Balance Rest and Physical Activity
When disease is active and joints are painful, swollen or stiff, it is important to rest to reduce inflammation and fatigue. When disease activity is low, regular exercise can ease pain and reduce stress. A balanced program includes low-impact aerobic activity, muscle strengthening and flexibility exercises.
Protect Your Skin
Ultraviolet (UV) radiation from the sun or fluorescent lights can cause a flare or skin rash. Always use SPF 30 or higher sunscreen and reapply every hour or after sweating, swimming or changing clothes. Avoid being outside at peak UV hours between 10 a.m. and 4 p.m. Wear protective clothing and hats and be especially vigilant when taking medications that increase photosensitivity.
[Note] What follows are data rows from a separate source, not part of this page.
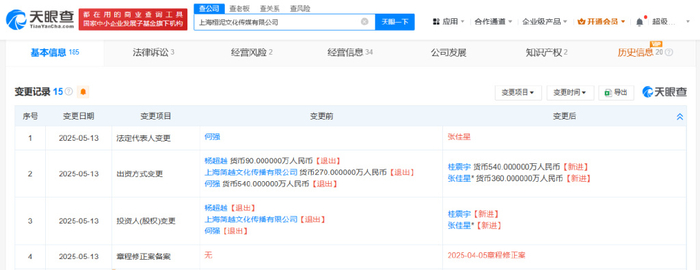 天眼查App显示,近日,上海栩泥文化传媒有限公司发生工商变更,杨超越及名下上海简越文化传播有限公司、何强退出股东行列,新增桂震宇、张佳星共同持股,同时该公司法定代表人和主要人员也发生变更。
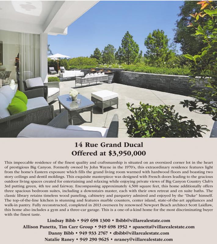 Lindsay Bibb • 949 698 1300 • lbibb@villarealestate.com Allison Panetta, Tim Carr Group • 949 698 1952 • apanetta@villarealestate.com Danny Bibb • 949 933 2767 • dbibb@villarealestate.com Natalie Raney • 949 290 9625 • nraney@villarealestate.com
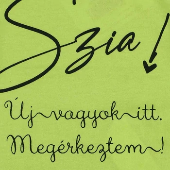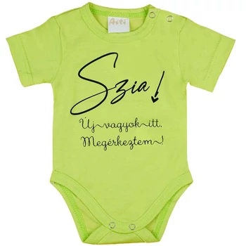 Ez a rövid ujjú feliratos baba body ideális választás a melegebb hónapokra, hiszen 100% pamut anyagból készült, amely lélegző és kényelmes viseletet biztosít a kisbabának. A zöld színű, feliratos design pedig igazán stílusos megjelenést kölcsönöz. A lábak közötti és a vállán található patentok segítségével a peluscserét és az öltöztetést is könnyedén elvégezhetjük. Minőségi magyar termék, amely a legmagasabb, I. osztályú minősítéssel rendelkezik. A termék nikkelmentes patenttal készül, így az arra érzékeny babák számára is biztonságos választás. Ugyanakkor a body unisex designja révén lányoknak és fiúknak egyaránt remek választás. Válaszd ezt a baba bodyt, ha szeretnéd, hogy kisbabád divatos és kényelmes legyen!
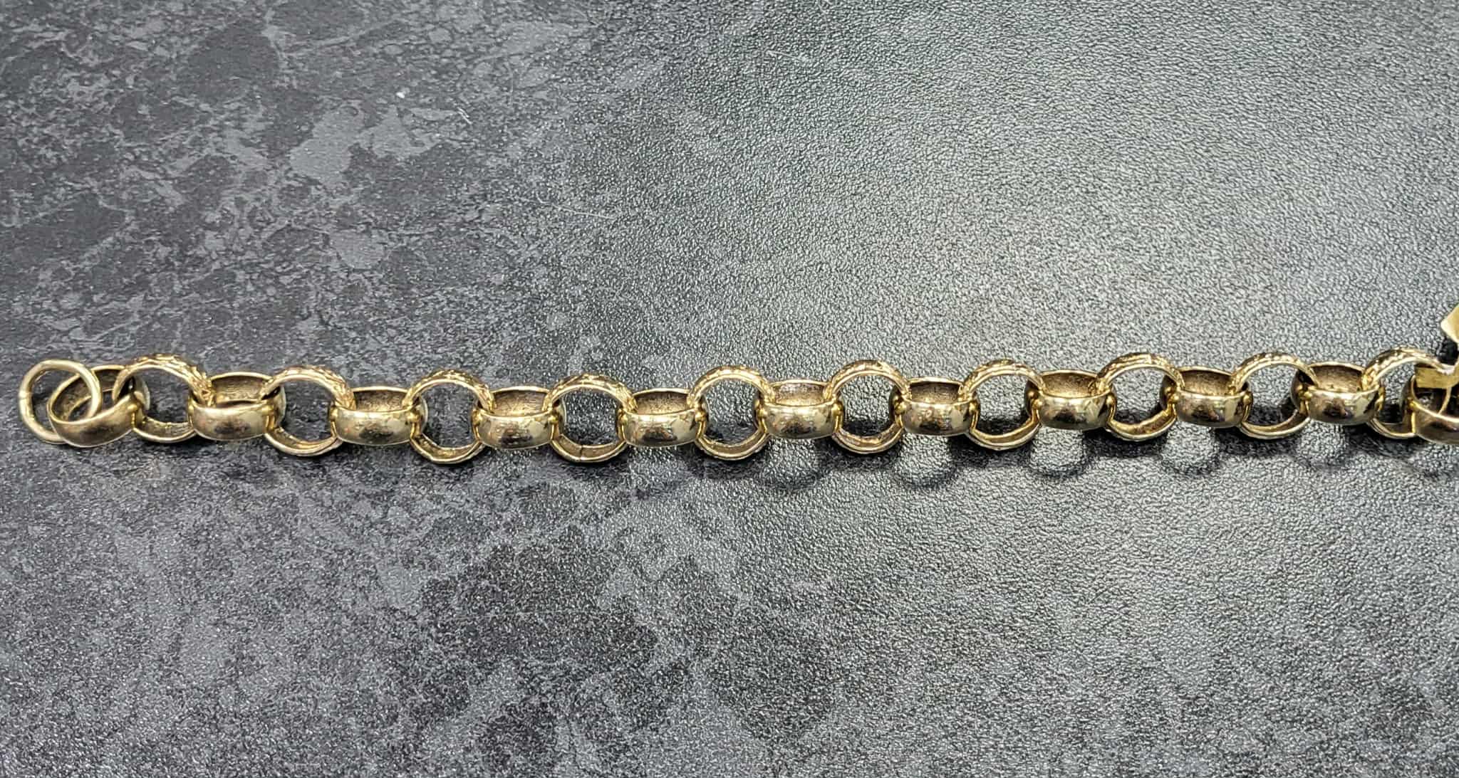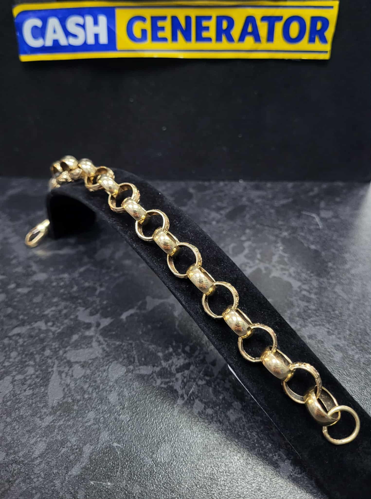 A 9ct gold belcher bracelet that weighs 22.29g. Bracelet is in pristine condition, cleaned and polished.
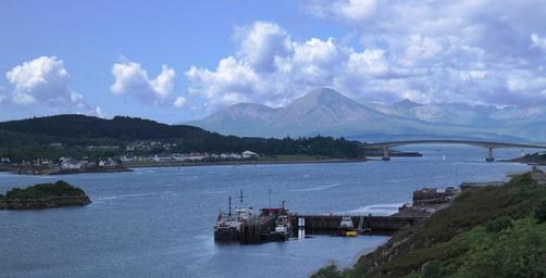 Keywords: scotland lake quiet sky blue clouds summer mountains natural silence view trees ship bridge
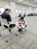 練習の時のようにできずに悔しい思いをした部員もいましたが、部員全員がただ手当てをするのではなく、ケガ人に不安を与えないように手当てをすることができます。額と膝の手当ては、JRC部員にお任せください!
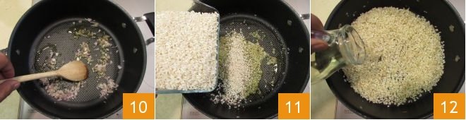 Pour a drizzle of oil into another pot, add the shallot 10 and let it soften over low heat. Add the rice 11 and toast it for 2-3 minutes, slightly raising the heat. Deglaze with white wine 12
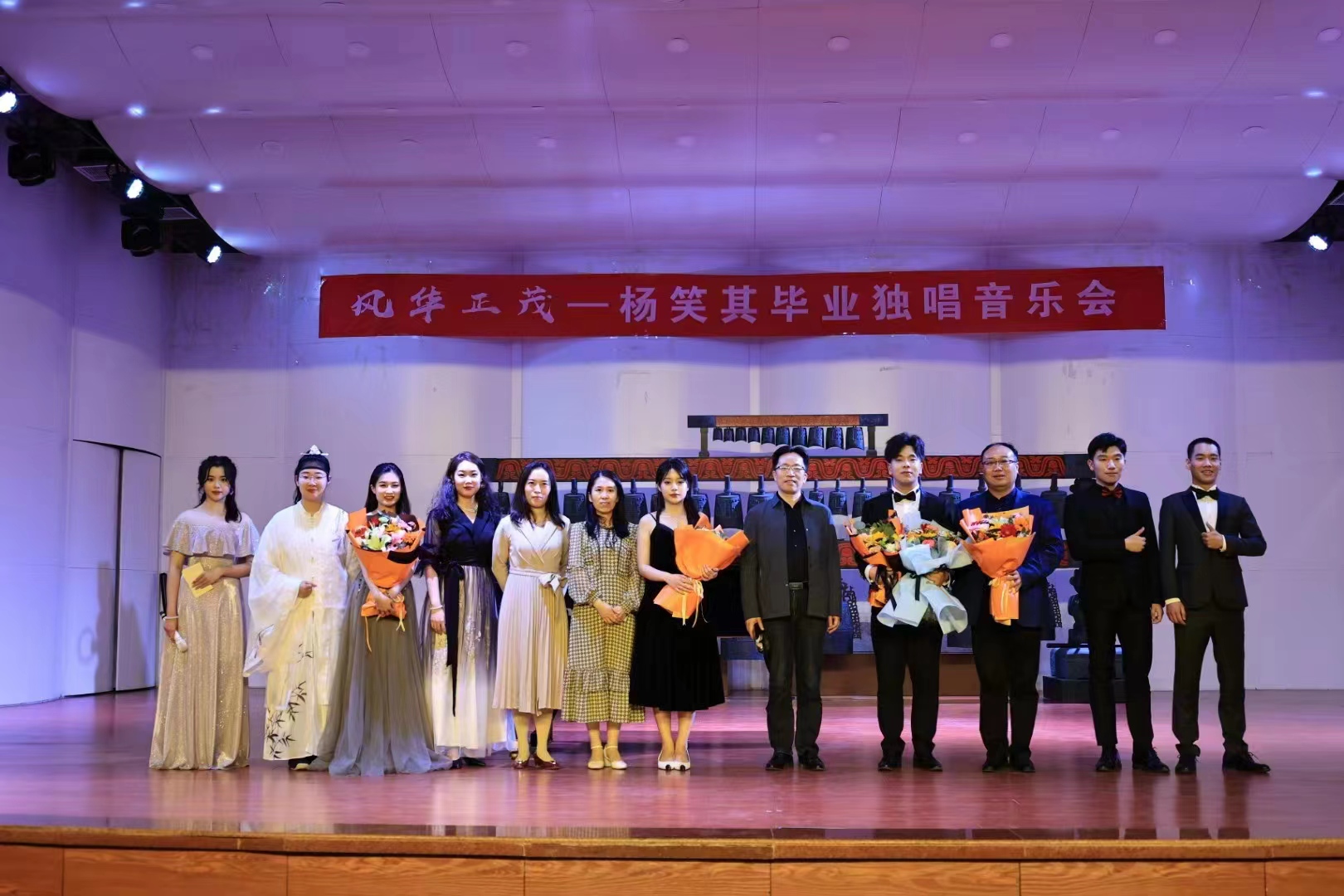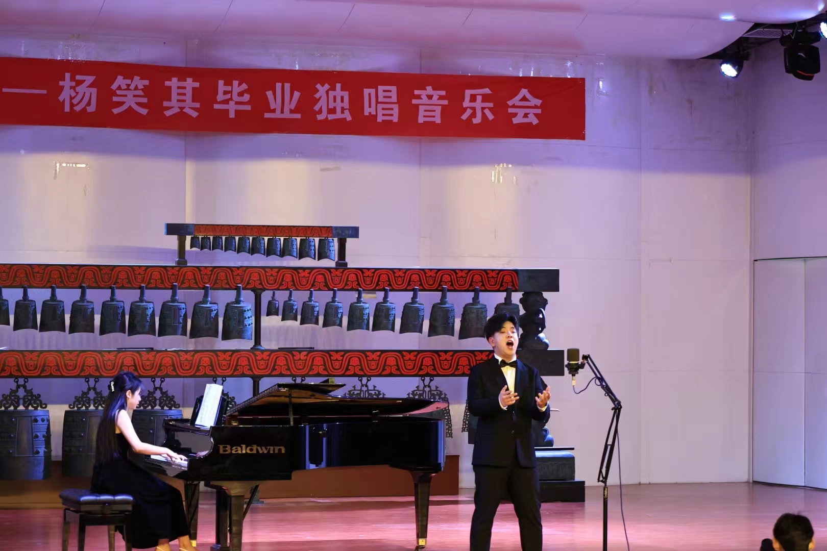 正如他在音乐会结束后的感言:“我今后一定会在这条道路上更加努力,牢记老师对我的教导,持续完善自己,踏实虚心学习,愿未来可期!”虽然这是一场毕业音乐会,但也是他人生一个新的起点。杨笑其同学正是用他的歌声,深深表达了对母校和老师的留恋和感恩之情。此次毕业音乐会的成功举办,不仅是学生对自己专业学习的检验和总结,也是为老师们的四年培养和指导,交出了一份完美毕业答卷,愿学生在今后的发展道路上步步高升。

Fatigue is a common lupus symptom. It’s important to pace yourself to prevent extreme tiredness from taking over your day. Getting restful sleep will help to keep tiredness at bay.
Develop strong positive relationships so you have emotional support for managing the ups and downs of a chronic disease. Use relaxation techniques, such as meditation, deep breathing or yoga to reduce stress. Stay connected to activities you enjoy to promote a positive mood.
Smoking harms the body and can worsen lupus symptoms. If it’s hard to quit on your own, get professional help.